Том 1. Романы. Рассказы. Критика
Индийский океан, и желтое небо над морем, и черный корабль, медленно рассекающий воду. Я стою на мостике, розовые птицы летят над кормой, и тихо звенит пылающий, жаркий воздух. Я плыву на своем пиратском судне, но плыву один. Где же отец? И вот корабль проходит мимо лесистого берега; в подзорную трубу я вижу, как среди ветвей мелькает крупный иноходец матери и вслед за ним, размашистой, широкой рысью, идет вороной скакун отца. Мы поднимаем паруса и долго едем наравне с лошадьми. Вдруг отец поворачивается ко мне. – Папа, куда ты едешь? – кричу я. И глухой, далекий голос его отвечает мне что-то непонятное. – Куда? – переспрашиваю я. – Капитан, – говорит мне штурман, – этого человека везут на кладбище. – Действительно, по желтой дороге медленно едет пустой катафалк, без кучера; и белый гроб блестит на солнце. – Папа умер! – кричу я. Надо мной склоняется мать. Волосы ее распущены, сухое лицо страшно и неподвижно.
– Нет, Коля, папа не умер.
– Крепите паруса и ничего не бойтесь! – командую я. – Начинается шторм!
– Опять кричит, – говорит няня.
Но вот мы проходим Индийский океан и бросаем якорь. Все погружается в темноту: спят матросы, спит белый город на берегу, спит мой отец в глубокой черноте, где-то недалеко от меня, и тогда мимо нашего заснувшего корабля тяжело пролетают черные паруса Летучего Голландца.
Через некоторое время мне стало лучше; и няня подолгу сидела у моей постели и подолгу рассказывала мне о разных вещах – и я узнал от нее много интересного.
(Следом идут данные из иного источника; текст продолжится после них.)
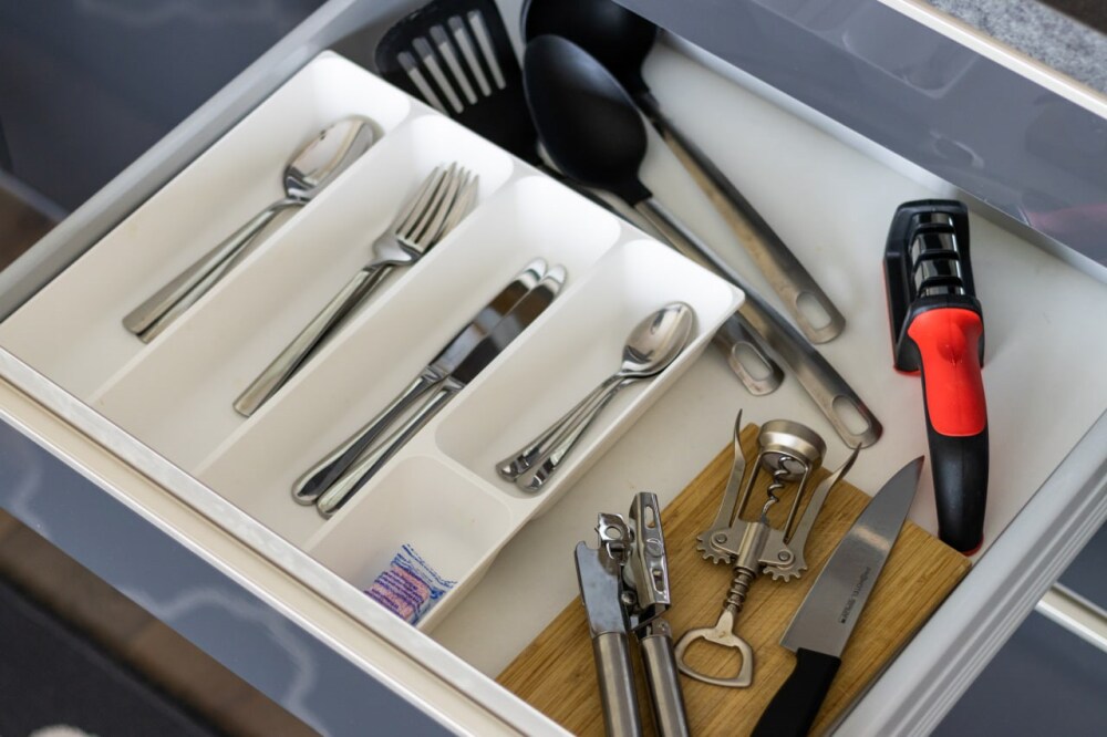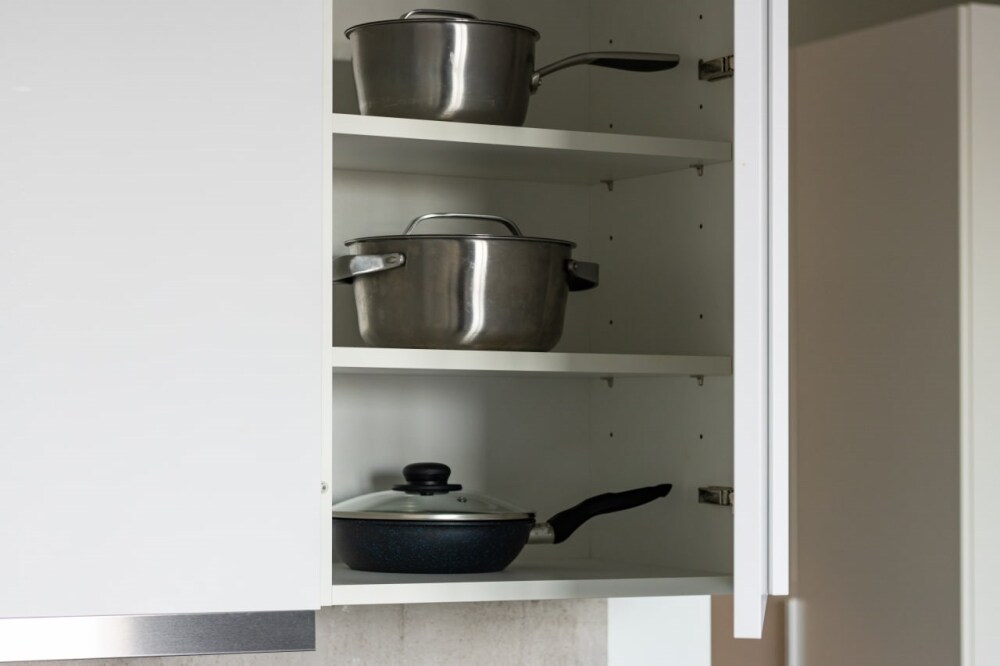 Кухня оборудована бытовой техникой для приготовления пищи и хранения продуктов, оснащена посудой и столовыми принадлежностями.

Она рассказала мне, как в Сибири на улицах продают замороженные круги молока, как ставят на ночь провизию у окон для беглых каторжников, скитающихся лютой зимой по городам и селам. Жизнь моих родителей в Сибири, по словам няни, была прекрасной.
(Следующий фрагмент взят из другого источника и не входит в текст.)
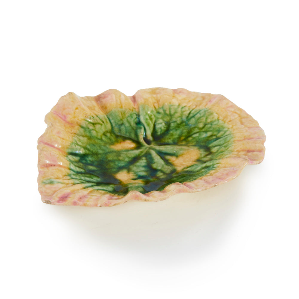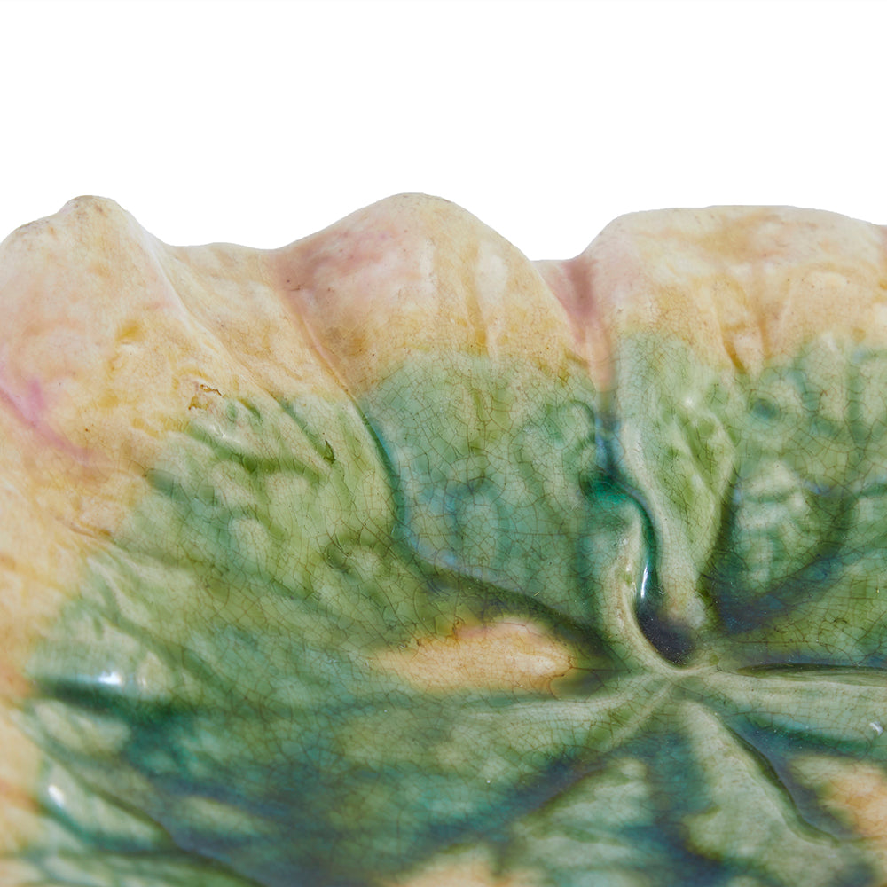 Details: Organic leaf shaped stoneware dish with green and pink glaze Dimensions: 2.5" H x 7" W x 9" D Quantity: 1

– Ничего барыня в хозяйстве не знала, – говорит няня. – Ничего. Курей с утками путала. Курей было много, ну только ни одна не неслась. Покупали яйца на базаре. Дешевые были яйца, тридцать пять копеек сотня, не то что здесь. Мяса фунт две копейки. Масло в бочках продавали, вот как. А экономка была очень хитрая. Идет раз барин покойный по улице, к нему баба подходит.
– Не знаете, говорит, и где здесь лесничего дом? То есть наш, значит. Он говорит: знаю. А вам кого? Ихнюю экономку, говорит. Она, говорит, яйца вот как дешево продает, а на базаре, говорит, дороже. Пошли они с барином за покупками, впереди идет баба, а за ней барин. Ну, экономка и призналась, да все плакала, плакала, прямо совестно.
– Няня, а про Васильевну?
– Сейчас про Васильевну. Наняла барыня повариху. Уже серьезная была женщина, лет пятьдесят, а может, тридцать.
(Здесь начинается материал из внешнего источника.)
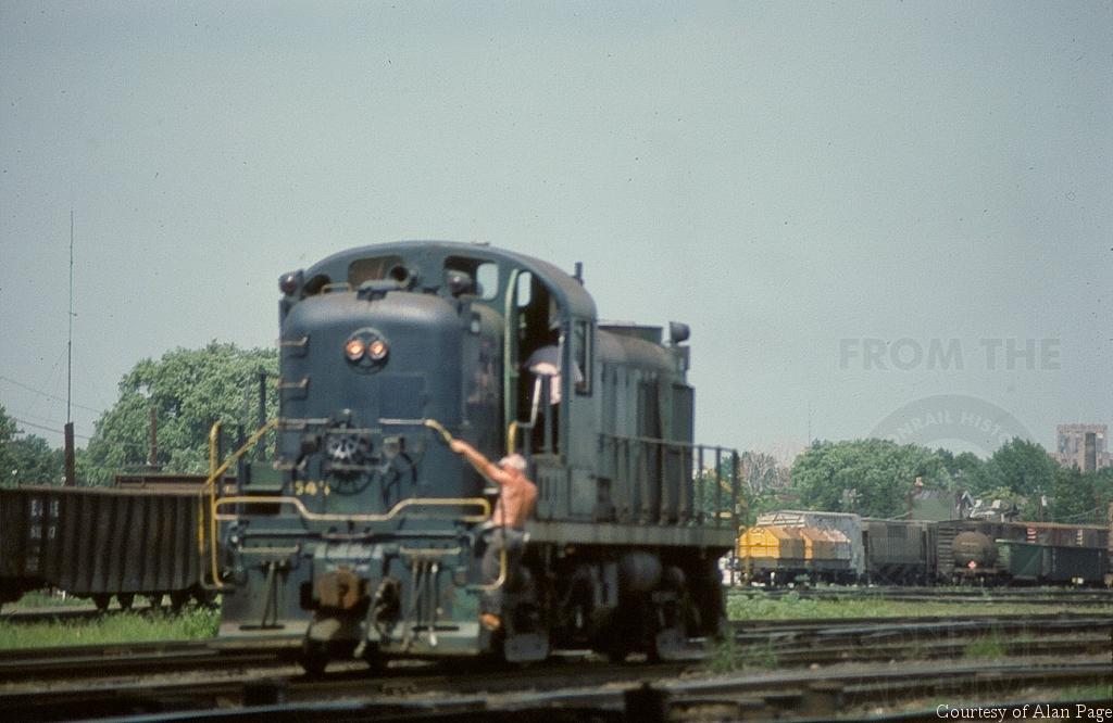 The crewman of former CNJ RS-3 1543 (CR 5373) hangs on as they work the yard at Elizabethport, NJ on a hot July day in 1977.

– Как же, няня, это большая разница.
– Разница небольшая, – убежденно говорит няня. – Ты слушай, а то я рассказывать не стану.
– Я больше не буду.
– Звали Васильевной. Я, говорит, нездешняя, только у меня сын на каторге. А сама я из Петербурга. Все, говорит, умею готовить. И верно, все готовила. Жили, жили, вот раз барыня гостей созвала. Васильевна пирог делает, а стол накрыли еще днем. Вечером барыня приезжает, а она все на лошади ездила, хорошая лошадь, гнедая, хоть гнедые нам не ко двору, но хорошая. Приезжает, значит, и видит: ничего, то есть, нет, все чисто. Пирога нет, посуда разбросана. Идет на кухню. А Васильевна сидит, вся красная, злая, не дай Бог. Барыня спрашивает: почему не готово? Что вы, говорит, Васильевна? А та отвечает: я сама барыня, ишь как раскричалась. Не хочу больше подавать, хочу сама есть. И весь пирог обкусанный. Потом Васильевна как сбежала со двора, так только на шестой день воротилась. Пришла грязная, обтрепанная, все платье оборвано, а сама плачет. Простите, говорит, меня, такой у меня запой бывает, ничего не поделаешь. Большая аккуратистка.
– Кто это, няня?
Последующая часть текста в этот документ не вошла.